The Las Vegas housing market is in transition, from a situation where investors were swooping up distressed properties to a market of more traditional, owner-occupant sales.
While home prices are up nearly 19 percent from a year ago, they are still more than 40 percent off their peak, according to S&P Case Shiller’s latest home price report. Prices in “Sin City” bottomed in January 2012 at a median of $118,000 before rising at a record rate for 19 straight months until September 2013, when prices began to level off again, according to the Greater Las Vegas Association of Realtors.
Cash buyers made up 34.7 percent of sales in June, down from a peak of nearly 60 percent in February 2013.
Cynthia Silver, a Las Vegas Realtor with Century 21 Martinez & Associates, said sales have slowed, putting buyers in a better position. “We have more inventory and we have fewer cash buyers here that are outbidding them and paying retail, so buyers are in a position to find a property they really want,as opposed to just buying what they can afford or what they can win a bid on,” she said.
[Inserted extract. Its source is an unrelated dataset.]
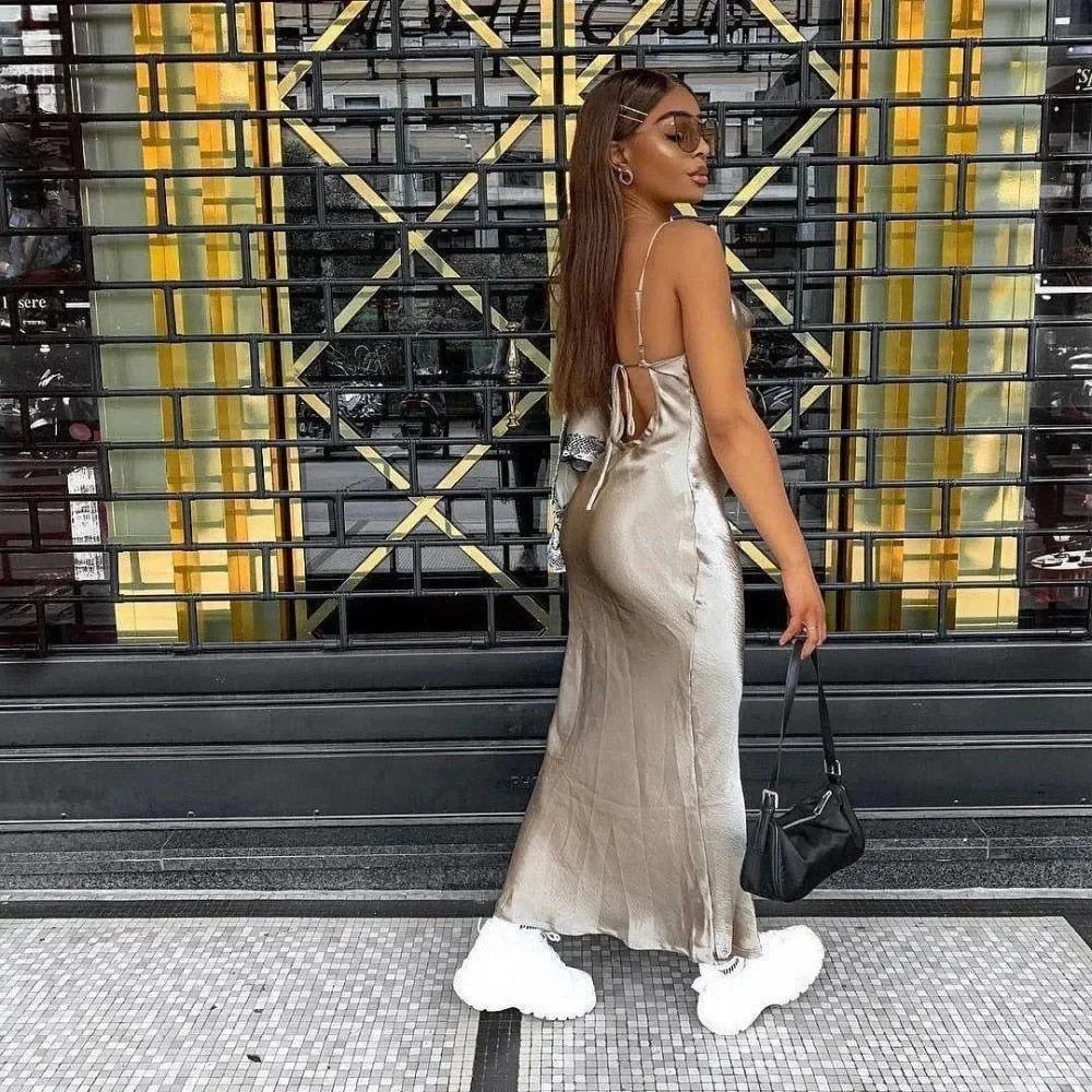 Indulge in luxury with the Gold Satin Cowl Neck Maxi Dress. Crafted in lustrous gold satin, this gown emanates sophistication and opulence. The flattering cowl neckline exudes timeless charm, while the adjustable straps ensure a customized fit. Enhance your allure with the graceful side slit that allows for effortless movement. Perfect for glamorous red-carpet events, formal soirées, and festive occasions where you deserve to shine like gold under the spotlight.

“The mix of closings are slanting much more toward nondistressed sales, which has fewer investors picking up properties,” said Brian Gordon of Las Vegas-based analytics firm Applied Analysis.
Zillow economist Stan Humphries said affordability is still strong in Las Vegas. Fifty-seven percent of homes sold in Vegas are vacant, and nearly 30 percent of homeowners are still in a negative equity position—meaning the homeowner owes more on the mortgage than the home is worth.
“It’s a signal we’re continuing to work through distressed assets that remain in the market,” Gordon said.